Lo spettacolo con la coreografa Severino in lista per il 2 dicembre al teatro «Ateneo» di Casoria.

CASORIA / TEANO – Offrire una esperienza di trascendimento, concedere una possibilità di dare visibilità all’invisibile, di uscire fuori di sé e dirigersi verso “l’altro”. È questo il senso della pièce “D’intimità e refrattarietà” scritta, diretta e interpretata dalla coreografa Nicoletta Severino, che andrà in scena sabato 2 dicembre 2023 (ore 21) al teatro “Ateneo” di Casoria (Napoli)

Lo spettacolo – che sarà seguito anche da una delegazione di appassionati provenienti da Teano e che si sono organizzati addirittura con un pullman – tenta di rispondere ad una necessità tipicamente umana: indagare se stessi ed il proprio essere nel mondo, la propria urgenza di esistere, di comprendere la propria corporeità e di recuperare il senso della propria umanità, che sembra trovare risposta solo nello sguardo “dell’altro”, nel riconoscimento.

 “L’altro” in scena e “l’altro” spettatore sono entrambi protagonisti, perché accomunati dalla medesima struttura fisica ed emotiva e dal medesimo destino.

La scena si allarga allo spazio non scenico, quello reale, della vita, con l’intento di pervenire ad una comunicazione emotiva profonda con il pubblico.
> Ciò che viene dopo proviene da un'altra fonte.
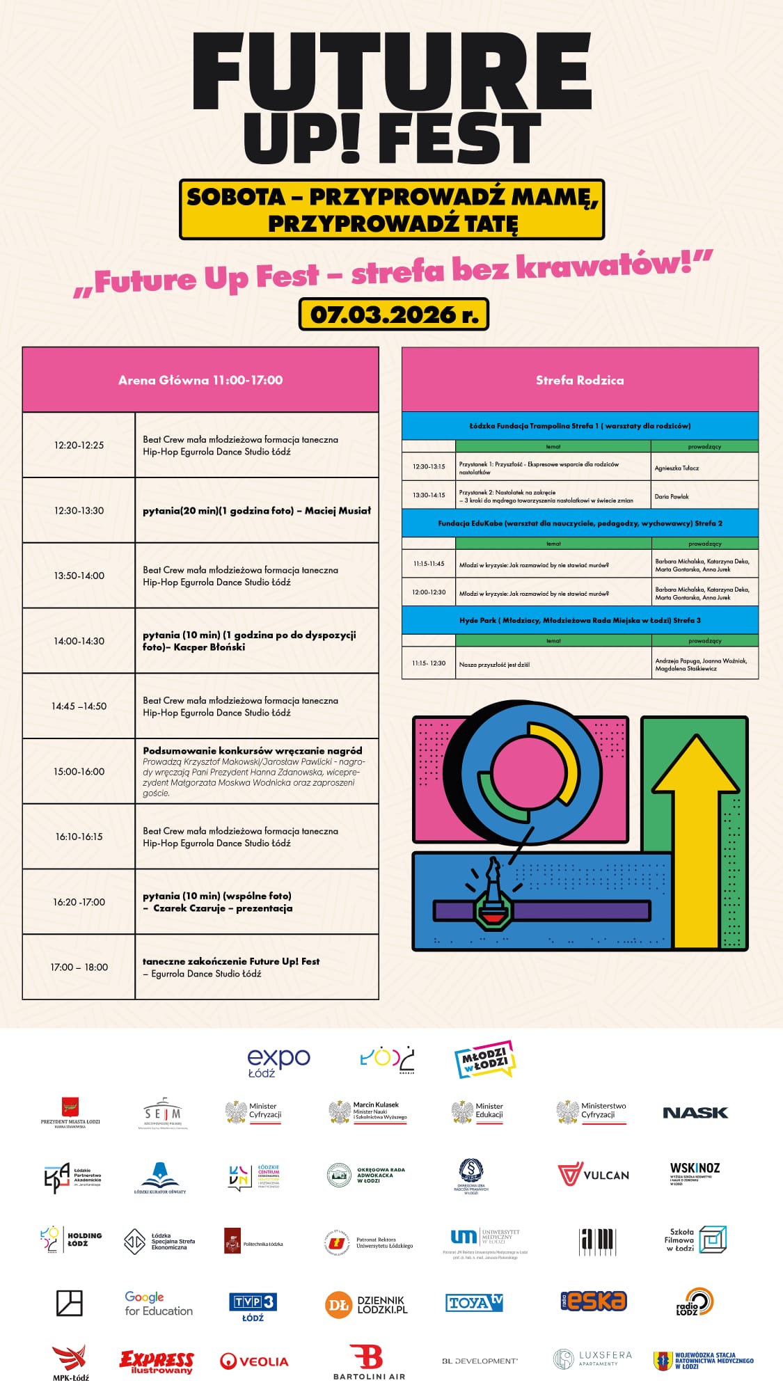 Organizatorami Future UP! Fest są Expo-Łódź, Wydział Edukacji UMŁ oraz Łódzkie Centrum Wydarzeń.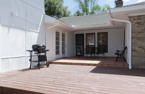 Spacious house for 18 people on a Lakeshore 1/4 acres lots. New exterior deck is a great place for outside gathering. Fenced yard on a hill offers a play ground for kids and pets. We are one mile away from a public boat dock on Lake Ray Hubbard. Close to TX-66, I-30, shops and restaurants. Modern interior renovated. Four bedroom downstairs and one large bedroom upstairs are suitable for large groups. Huge living, dinning and kitchen areas.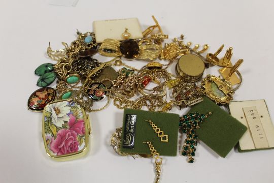 A BOX OF YELLOW METAL COSTUME JEWELLERY ETC.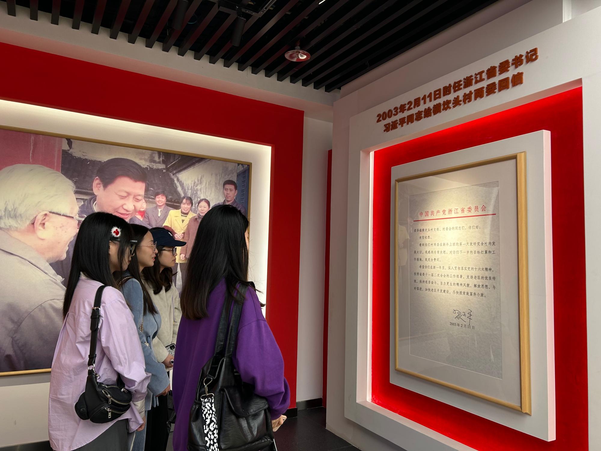 在横坎头村新时代文明实践站,师生们参观了“家园情”“家书情”“家国情”三个展馆,本科生第二党支部党员陈艺天现场讲授微党课《春天的回信》,带领大家重温习近平总书记给横坎头村的两封回信,了解横坎头村认真贯彻习近平总书记回信精神,传承好红色基因,敢于闯大胆试,发展成为全国文明村、全国红色旅游经典景区的奋斗历程,深刻感悟浙江农村实现振兴、迈向共同富裕的密码。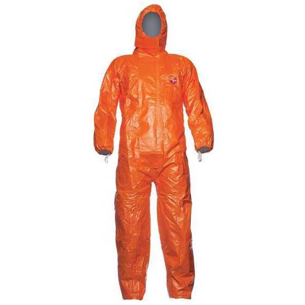 Hooded Coveralls, Ankle Closure Elastic, Anti-Static No, Attached Hood Yes, Breathable Back Style Not Applicable, Chest Size - Maximum 39 1/4 in, Chest Size - Minimum 44 3/4 in, Closure Type Zipper, Color Orange, Coverall Style Hooded Coverall, Cuff Style Elastic, EPA Protection Level B, Gas Tight No, Hazard Type Hazardous Dry Particulates, Hazardous Liquids, Hazardous Powders, Height - Maximum 69 in, Height - Minimum 56 in, High-Visibility No, Hood Style Respirator Fit, Includes Boot Covers No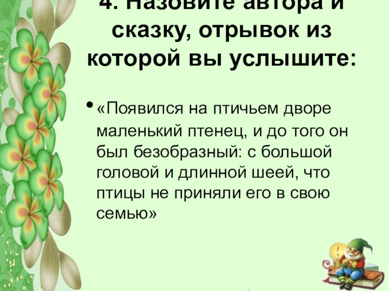 4. Назовите автора и сказку, отрывок из которой вы услышите: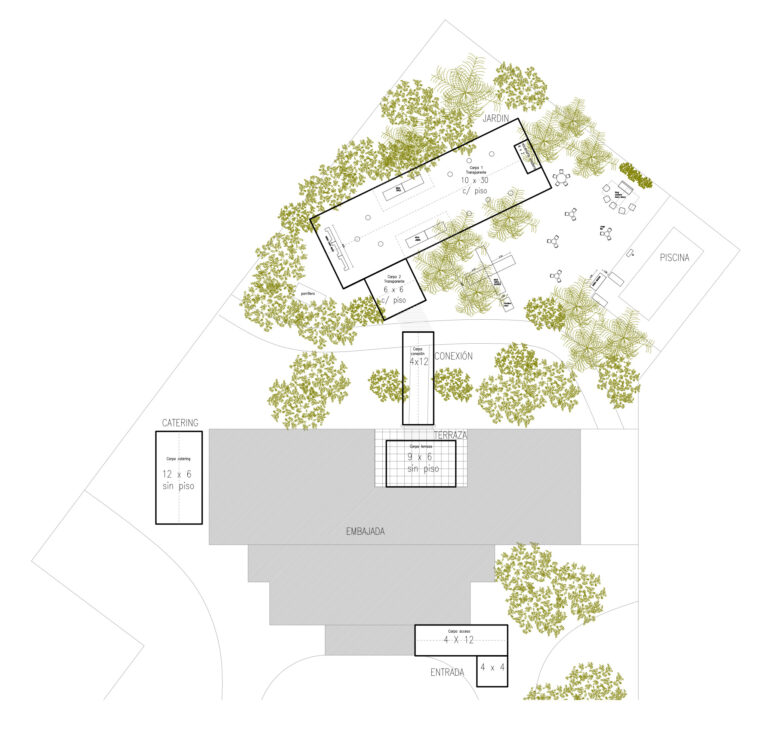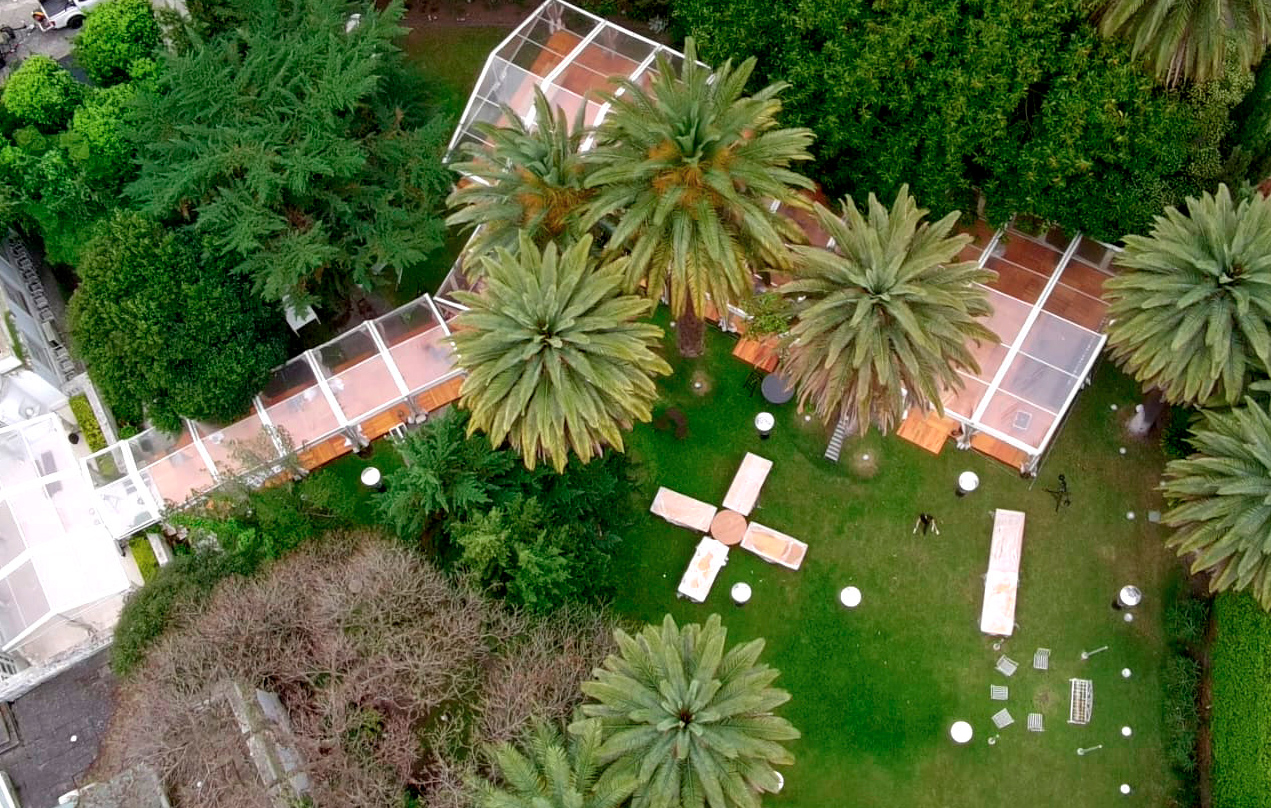 El resultado fueron 440m2 de carpas transparentes implantadas de forma estratégica entre los majestuosos árboles y palmeras del terreno sin bloquear la visual de los mismos.

I corpi in scena, nel raccontare di loro stessi, raccontano degli altri e di quella perenne aspirazione al contatto ed al riconoscimento.

Interpreti: Francesca Papa, Nicoletta Severino, Valeria Esposito. Produzione: Attitude. Musica: Pink Floyd, Olafur Arnalds, Nick Cave, Ludovico Einaudi, Damien Rice, Brain Eno, Simon & Garfunkel. Durata: 30 minuti.